So moral of the story: stick with it and make the effort. The payback is always unpredictable.

On screen

It’s pretty common to encounter some video kicking around the social internet after a particularly successful rock gig, courtesy of a random crowd member, fan, band widow or even band member (note: headcam footage from the drummer is usually disconcerting). It’s a lot rarer that the sound or the picture is actually any good (this is a quick way to produce crippling self-doubt in amplified musicians: ‘Is that really what we sound like out front?’ … ).

However, these two from the last Filthy Spectacula gig but one are definitely worth the ten minutes of your lunchbreak it’ll take to watch them. The video is still rather blurred, but you can see and hear what’s going on and it should at least whet your appetite for the results of Saturday’s Quiet Whistle Test gig / shoot …

In the press

There is a fairly involved story to this write-up of Kindred Spirit actually making it into the public domain. Between Elaine giving the interview and it appearing in print, TeamRock, mother company of Prog magazine, went bust, provoking an outcry (mostly to do with celebrity fans of Prog‘s sister publications – there aren’t that many King Crimson obsessives out there I’m afraid) leading to it being taken over / bailed out by former owners and most of the content prepared resurrected for the February edition. So this content has been in print for those of you keen to hunt out and buy the hard copy edition (before March’s bumps it off the shelves), but is now also available online free here:

http://teamrock.com/feature/2017-02-16/kindred-spirit-folk-with-a-progressive-twist

complete with a free download track, in case you can’t make it to a gig to buy the full album (or its predecessor) – or to whet your appetite to do so. Have a read!

Said same band will be back on the road on Friday, playing Weybridge Conservative Club *gasp* (but I’m assured you can pay for one-off entry without having to swear allegiance to a portrait of either Iron Lady – at present). Then on Saturday the Filthy Spectacula commit ourselves to video playing live (not seen the latest music video yet?
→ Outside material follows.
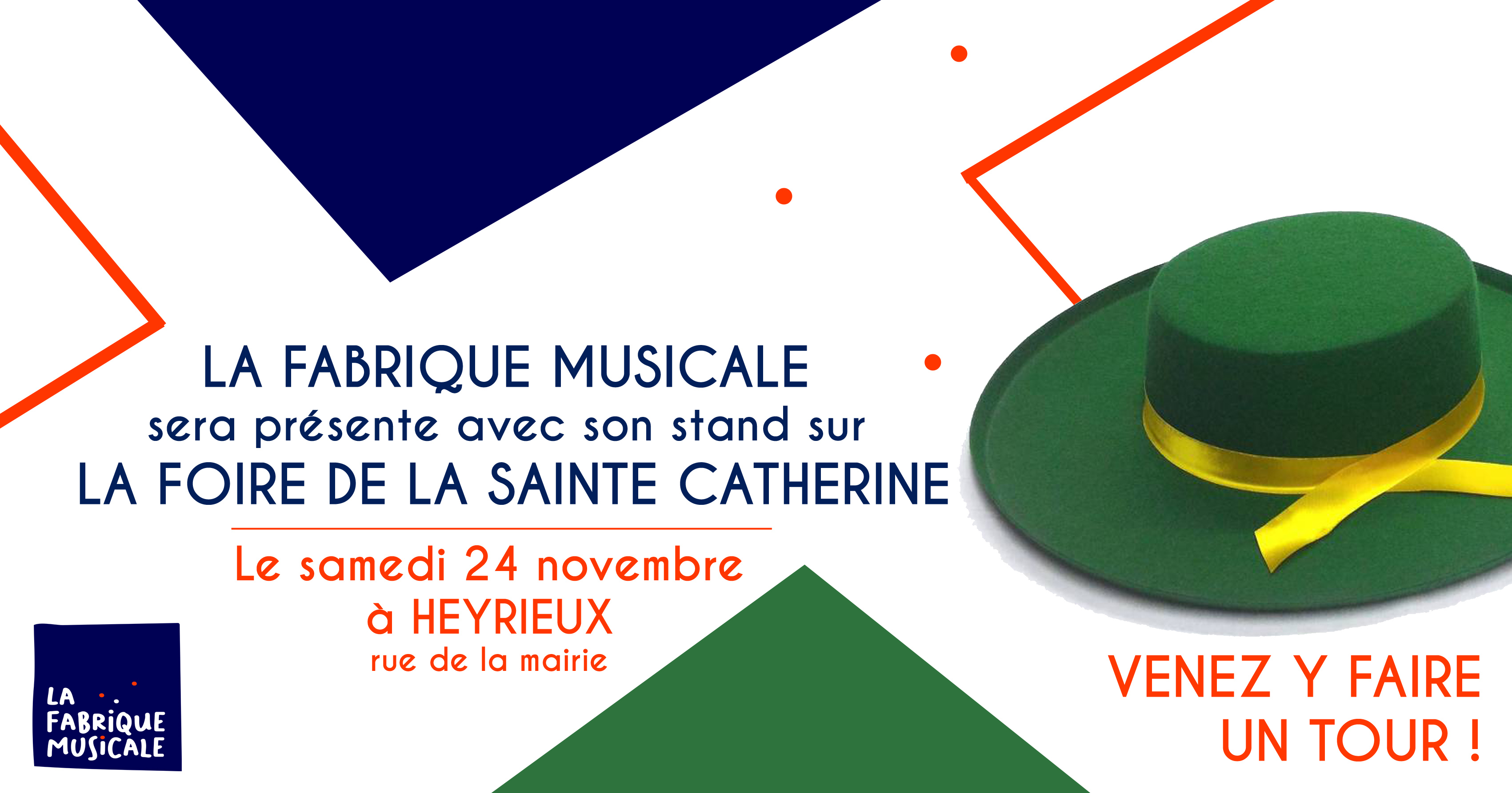 Le samedi 24 novembre 2018, La Fabrique musicale participera à la 475e Foire de la Sainte-Catherine à Heyrieux. Comme chaque année, les adhérents vous accueilleront sur le stand de l’association situé dans la rue de la mairie. Ils vendront des gâteaux confectionnés par les musiciens au profit de l’achat d’instruments et de partitions.

You should), before preparing to (dis)grace ‘Europe’s largest alternative / fetish / crossover event’ – more on that anon.

Getting busy

After just over a week living full-time in London, it feels like I’m starting to hit my stride (apart from absence of internet at home, which is delaying being able to really hit the editorial freelance work till Friday).

On Saturday night the Filthy Spectacula were back at the Music Mill in Plumstead, and as usual a rather dirty good time was had by all. The place was busy, with a fair few familiar faces and some new ones, and the crowd may have taken a little longer than some gigs to really get into things, but they were certainly up on their dancing feet giving it their all by the end. A pleasure (if a very sweaty one – the more gigs I do in that frock coat the more I see where Iggy Pop was coming from with the topless look) as ever.

In other news, I’ve profitably scouted out a couple of Putney busking locations and will be getting back to that front once I shake my current heavy cold (or next Saturday morning regardless – the takings on shopping days are too good to pass up). I’m also eyeing up the river front for slightly warmer weather, and Wandsworth shopping centre for even higher footfall and takings than home turf.

Also starting to pursue semi-formal viola study, and consider a qualification – if anyone has strong feelings / experiences either way with Trinity’s ATCL Recital performance diploma, I would be interested to know!

In the shorter term, this coming weekend is a double header: Friday night Kindred Spirit travel out to Weybridge for a full evening’s full band booking; on Saturday the Filthy Spectacula take to the Quiet Whistle Test stage for a house gig, but more importantly the whole thing captured in multi-channel sound and video. Entry is invitation only, but we may be able to squeeze a few more people in, so get in touch urgently if you want to be part of this immortalised performance!

That rather sets the tone for March, when I currently have in my diary no less than 7 gigs (Kindred Spirit duo and full band, Filthy Spectacula and freelance orchestral viola all making appearances). More of those anon. Though if anyone wants to book me for Friday 24 March the option is still open! Goal – pay the rent out of gigs alone next month…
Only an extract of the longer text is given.